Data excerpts
====================

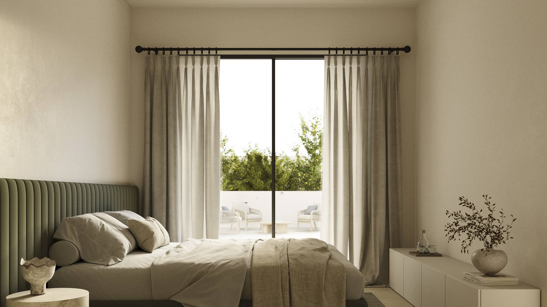 The exterior design of these homes in Polop stands out for its elegance and functionality. Each property features a private garden, perfect for enjoying the Mediterranean climate. Additionally, the homes have a terrace that becomes an ideal space for relaxing or sharing moments with friends and family. The option of a solarium adds an extra touch of luxury, allowing for panoramic views and sun enjoyment all year round. The private pool is an additional attraction, offering a personal oasis to refresh and enjoy the outdoors.
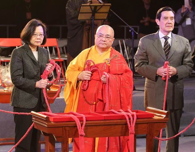 馬英九蔡英文同臺敲鐘祈福。(圖片來源:臺灣《中時電子報》)
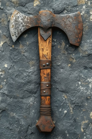 A weathered axe rests on a textured gray background showcasing its rustic charm and craftsmanship
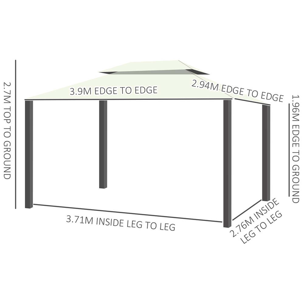 Add life to your outdoors with this Outsunny 4 x 3m Cream Canopy Marquee Pavilion Patio Gazebo Tent with Sides. This stunning tent will provide your family and your friends with comfort. With 160g of water-resistant polyester and a durable, rust-resistant, power-coated aluminium alloy frame, this garden pavilion ensures years of use. Easy to fix, it comes with eight ground stakes for securing your frame to the ground, and the top includes eight built-in drainage holes that prevent water from pooling at the top. Apart from this, the curtained patio tent is perfect to provide privacy while outdoors and preventing insects from entering inside. Size: 4 x 3m.
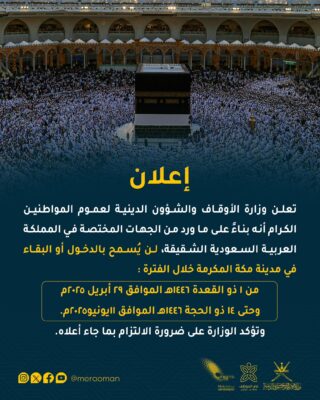 أعلنت وزارة الأوقاف والشؤون الدينية لعموم المواطنين الكرام أنه بناءً على ما ورد من الجهات المختصة في المملكة العربية السعودية الشقيقة، لن يُسمح بالدخول أو البقاء
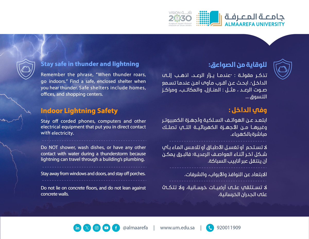 مع استمرار التقلبات الجوية على معظم مناطق المملكة والتوقعات الأرصادية، قسم الهندسة الصناعية في #جامعة_المعرفة ينبَّه : pic.twitter.com/jynB7hymEF — جامعة المعرفة (@AlMaarefa) March 18, 2024
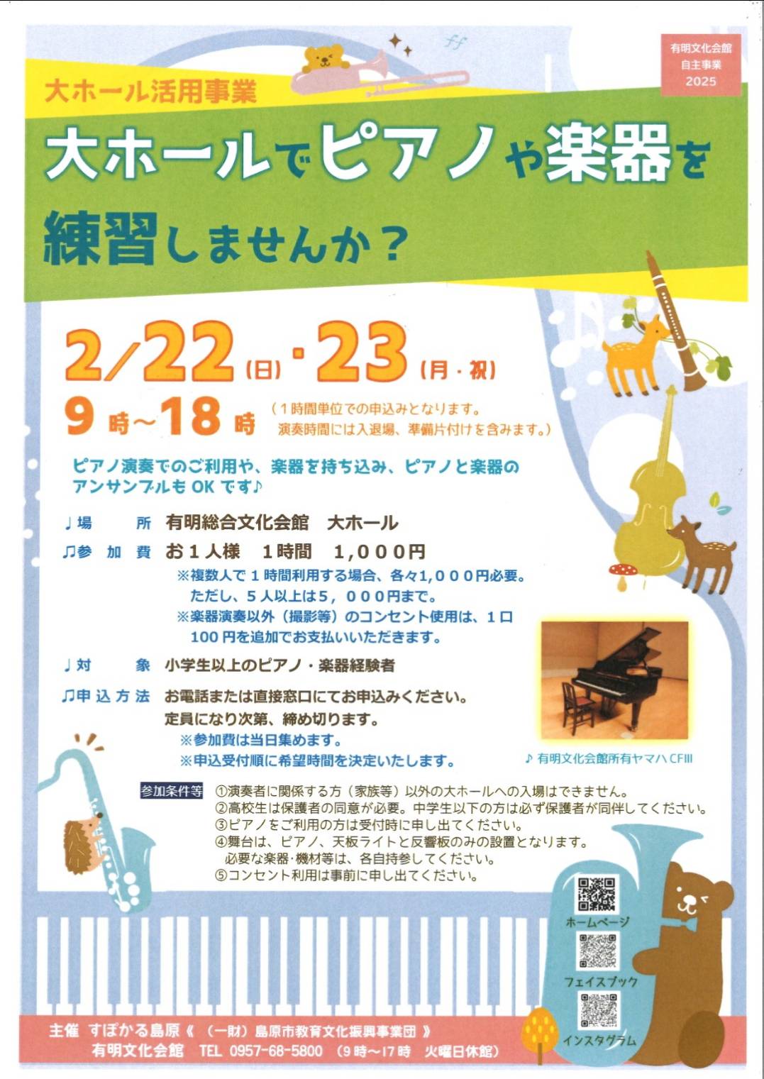 問い合わせ・申し込み 有明文化会館 ℡0957-68-5800※火曜日休館

====================

■ THE PROBLEM: Every record must be copied exactly, with images dropped from the result.

■ SOLUTION TO THIS TASK:
 The exterior design of these homes in Polop stands out for its elegance and functionality. Each property features a private garden, perfect for enjoying the Mediterranean climate. Additionally, the homes have a terrace that becomes an ideal space for relaxing or sharing moments with friends and family. The option of a solarium adds an extra touch of luxury, allowing for panoramic views and sun enjoyment all year round. The private pool is an additional attraction, offering a personal oasis to refresh and enjoy the outdoors.
 馬英九蔡英文同臺敲鐘祈福。(圖片來源:臺灣《中時電子報》)
 A weathered axe rests on a textured gray background showcasing its rustic charm and craftsmanship
 Add life to your outdoors with this Outsunny 4 x 3m Cream Canopy Marquee Pavilion Patio Gazebo Tent with Sides. This stunning tent will provide your family and your friends with comfort. With 160g of water-resistant polyester and a durable, rust-resistant, power-coated aluminium alloy frame, this garden pavilion ensures years of use. Easy to fix, it comes with eight ground stakes for securing your frame to the ground, and the top includes eight built-in drainage holes that prevent water from pooling at the top. Apart from this, the curtained patio tent is perfect to provide privacy while outdoors and preventing insects from entering inside. Size: 4 x 3m.
 أعلنت وزارة الأوقاف والشؤون الدينية لعموم المواطنين الكرام أنه بناءً على ما ورد من الجهات المختصة في المملكة العربية السعودية الشقيقة، لن يُسمح بالدخول أو البقاء
 مع استمرار التقلبات الجوية على معظم مناطق المملكة والتوقعات الأرصادية، قسم الهندسة الصناعية في #جامعة_المعرفة ينبَّه : pic.twitter.com/jynB7hymEF — جامعة المعرفة (@AlMaarefa) March 18, 2024
 問い合わせ・申し込み 有明文化会館 ℡0957-68-5800※火曜日休館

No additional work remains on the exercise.